The rise of online social platforms in the last two decades brought people from around the world closer together in an unprecedented manner. The forming of online communities created opportunities for spreading knowledge, initiating fruitful conversations, and openly expressing opinions among people from different geographical and social origins. With these online communities becoming larger, they face the inherent challenge of controlling undesirable social behavior.
Justin Cheng et al. address this challenge in their research: Antisocial Behavior in Online Discussion Communities by conducting a data-driven analysis of antisocial behavior on three different social platforms, then using insights gained from their analysis to develop a prediction model that can help the early detection of antisocial behavior. This work counts as a substantial contribution towards automating the process of identifying an undesirable online behavior.
Below are some facts that we could infer from this work:
- A simple way of defining an undesirable behavior could be the actions that cause someone to be expelled from a community. Justin Cheng et al. consider users who are banned from posting or commenting on a social platform to be those who post undesirable or antisocial content. Of course, this could be subjective to a community, but it is still one of the most indicative acts of undesirability.
- Regarding selecting features for the prediction task, those features selected from the actions of community members and moderators have a more significant effect than those selected from the textual content. This could lead to two conclusions. It could strengthen the argument that undesirability is subjective to a community, but it could also be that selecting textual or content features to describe undesirable or antisocial behavior is a more challenging problem. But given that the prediction model performs relatively well across different platforms, we can conclude that antisocial acts could be reliably defined by the reaction of other community members.
- The automation of detecting antisocial behavior in online communities could help moderators to better control the content, but it could not yet completely replace them. The involvement of a human to approve the prediction is necessary.
If I could have a chance to build over this work, I could focus on the following points:
- Although the features selected from the reaction of the community are more descriptive of undesirable behavior, it has a drawback of being less effective for posts that are further in time than the time a user was banned, making it harder to make an earlier detection of an undesirable or antisocial behavior. Hence, improving the prediction through features selected from the content of the post could help to address this limitation.

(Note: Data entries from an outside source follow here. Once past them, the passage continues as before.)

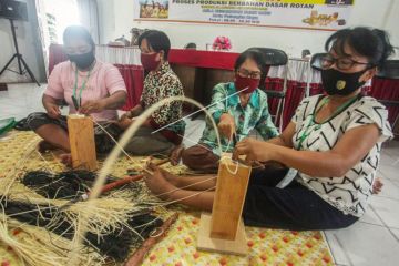 Peserta mempraktikkan cara menganyam rotan saat mengikuti pelatihan proses produksi kerajinan dengan bahan dasar rotan di Kecamatan Bukit Batu, Palangka Raya, Kalimantan Tengah, Selasa (25/8/2020). Kegiatan tersebut digelar oleh pemerintah daerah setempat untuk memberikan keterampilan memproduksi kerajinan yang dapat bersaing secara nasional dan sebagai program upaya pemulihan ekonomi di tengah pandemi COVID-19. ANTARA FOTO/Makna Zaezar/foc.
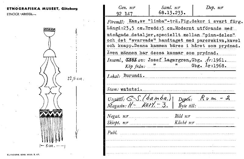 ETNOGRAFISKA MUSEET, Göteborg ETN OG R.-A-R-K-E96-- 22)5 Sm ELANDERS.GBG.4693.5.67. Gen. n:r 92 147 . SamL n:r i 68.13.233. Dep. n:r 1 Föreindh Kam,av 'limba"-trä.Fig.dekor i svart fä] 'Längd:23,5 cm,Breddi5 cm.Modernt utförande_macU, .utBågade_dataljar„speciellt_mellan "pinn,delen och det "svarvade" handtaget med parerskiva,kav( och knapp.Denna kammen bäres i håret som prydnai Även männen har dessa kammar som prydnad. InsamL, (1CUI av: Josef. Lagergren,.Gb.g.. ir:1961.. Köp från: '' n Gbg. År:1968. Lokal: Burundi. Stam: watut si, D)% /e 4/ Magasin: gs- koi-- 3 i yte till: Negat. n:r Bild n:r Skiopt. n:r Kliché n:r PubL g. [ocr]
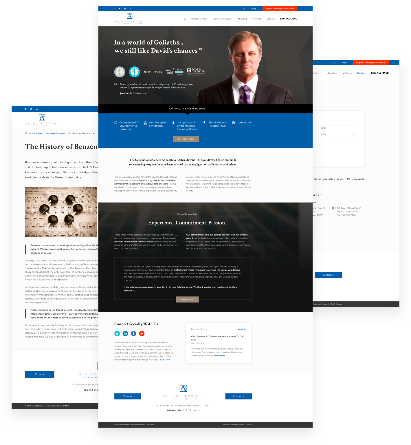 This web design and development project was the second of two websites that Dallas SEO Dogs built for Dallas law firm Allen Stewart. This WordPress site provided a new look and feel with a better flow and navigation. We focused on a better design for all pages to maximize conversions. The site was specifically designed for the client’s target audiences, including those injured by products or an environment, as well as lemon law cases (breach of warranty). We provided several trust badges, client quotes and recent case results to help clients make a decision to hire our client. As such, the site carries a tough, serious tone that is also blended with compassion and personality at points.
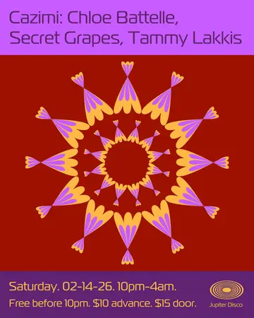 Cazimi: Chloe Battelle, Secret Grapes, Tammy Lakkis takes place at Jupiter Disco in New York, United States on Saturday, February 14, 2026. Featuring Chloe Battelle, Tammy Lakkis, Secret Grapes.
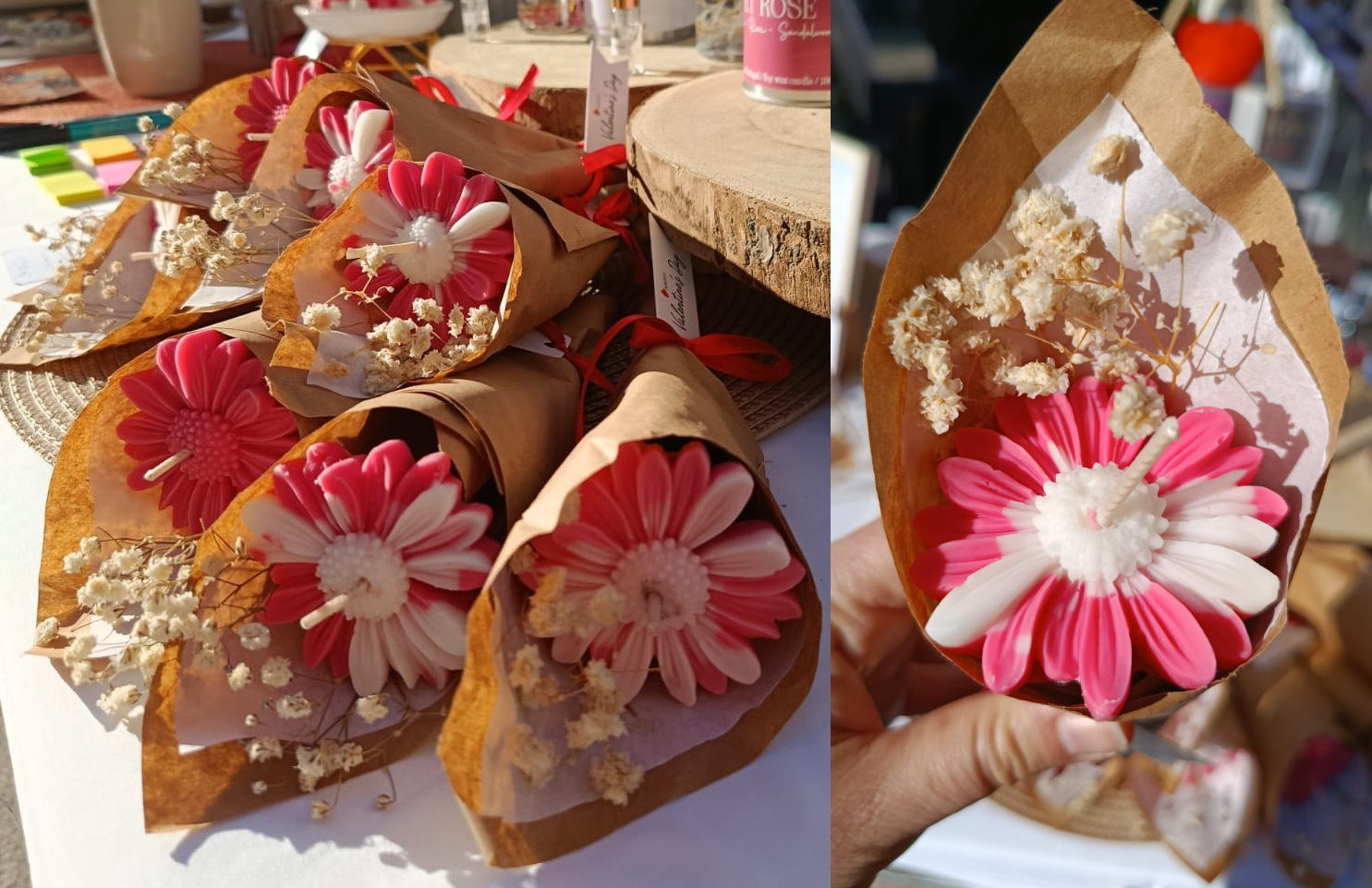“Soy wax flower candles, a delicate and elegant choice for wedding favors, birthdays, and special gifts.”

- As mentioned above, the automated detection of antisocial behavior could not yet completely replace the human decision. We can make use of this fact to even enhance the prediction by utilizing the decisions of human moderators to correct the prediction error and build a continuously improving model.
Finally, It is highly important and also challenging to control the spread of undesirable content in online social platforms. An undesirable content could range from simply being off-topic, to using swear words, to discrimination and bigotry, to spreading rumors and misinformation.